◆ What is required ◆
Transcribe the whole listing below. Pictures do not go in the copy.

*** Dataset section Section Begins ***

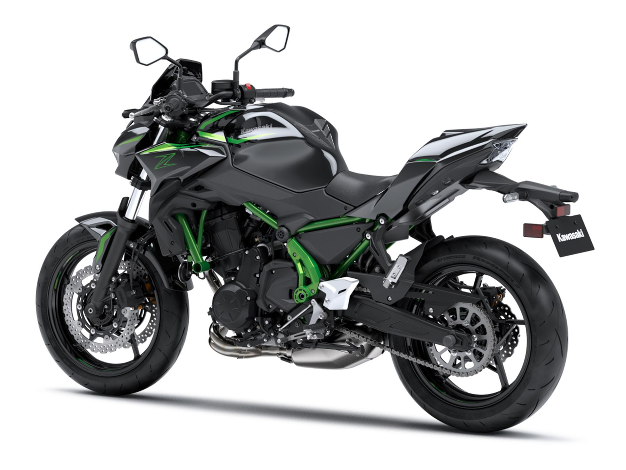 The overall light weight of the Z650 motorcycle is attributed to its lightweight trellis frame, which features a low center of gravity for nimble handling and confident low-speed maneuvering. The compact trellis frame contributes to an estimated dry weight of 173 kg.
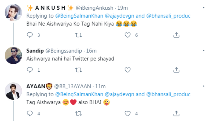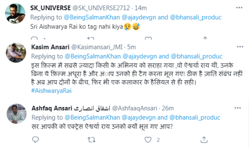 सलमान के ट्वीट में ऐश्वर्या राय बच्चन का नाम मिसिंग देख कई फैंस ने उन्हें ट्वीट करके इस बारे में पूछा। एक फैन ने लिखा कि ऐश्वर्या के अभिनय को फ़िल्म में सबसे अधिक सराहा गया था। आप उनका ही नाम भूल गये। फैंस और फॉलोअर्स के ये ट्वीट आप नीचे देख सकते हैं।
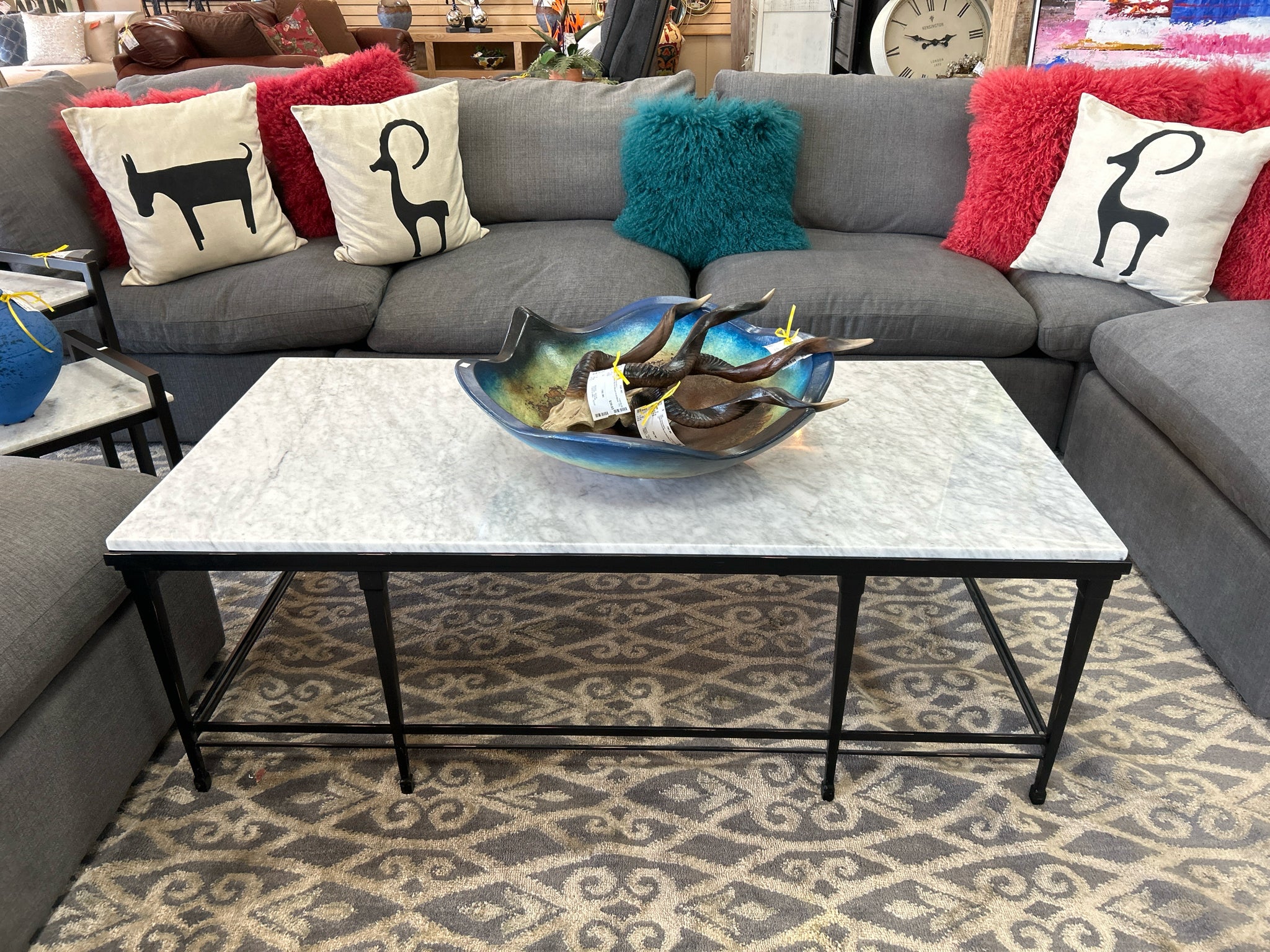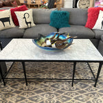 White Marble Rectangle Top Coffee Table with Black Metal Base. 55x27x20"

*** Dataset section Section Ends ***

◆ Your response ◆
 The overall light weight of the Z650 motorcycle is attributed to its lightweight trellis frame, which features a low center of gravity for nimble handling and confident low-speed maneuvering. The compact trellis frame contributes to an estimated dry weight of 173 kg.
 सलमान के ट्वीट में ऐश्वर्या राय बच्चन का नाम मिसिंग देख कई फैंस ने उन्हें ट्वीट करके इस बारे में पूछा। एक फैन ने लिखा कि ऐश्वर्या के अभिनय को फ़िल्म में सबसे अधिक सराहा गया था। आप उनका ही नाम भूल गये। फैंस और फॉलोअर्स के ये ट्वीट आप नीचे देख सकते हैं।
 White Marble Rectangle Top Coffee Table with Black Metal Base. 55x27x20"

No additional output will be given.